=== Material provided ===

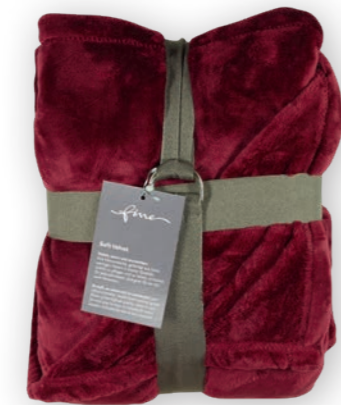
Soft Velvet 150 red 140x200 cm · 55.1x78.7 in 100% PES
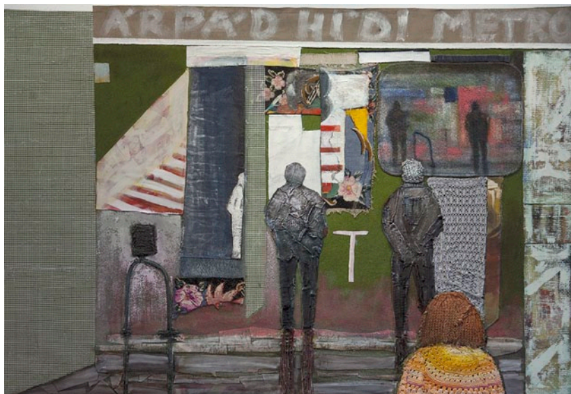
BÁCS EMESE Árpád hídi metró, 2011-12, textilkollázs, festmény szőnyegen, 132×200 cm

Egy idősebb képzőművész kategorizálta egyszer úgy a képző-és iparművészetet, hogy a kép(zőművészet) az, amit a falra teszel, iparművészet az, amit használsz, például amin jársz, ezért a gobelin, az bizony mindkettő. Nyilvánvaló, hogy az efféle definíciók ritkán megingathatatlanok. BÁCS EMESE képzőművész

===

## Your goal
Filter the lines above so that only those with the string "BÁCS" remain, then copy them.

## Reply to the exercise
BÁCS EMESE Árpád hídi metró, 2011-12, textilkollázs, festmény szőnyegen, 132×200 cm
Egy idősebb képzőművész kategorizálta egyszer úgy a képző-és iparművészetet, hogy a kép(zőművészet) az, amit a falra teszel, iparművészet az, amit használsz, például amin jársz, ezért a gobelin, az bizony mindkettő. Nyilvánvaló, hogy az efféle definíciók ritkán megingathatatlanok. BÁCS EMESE képzőművész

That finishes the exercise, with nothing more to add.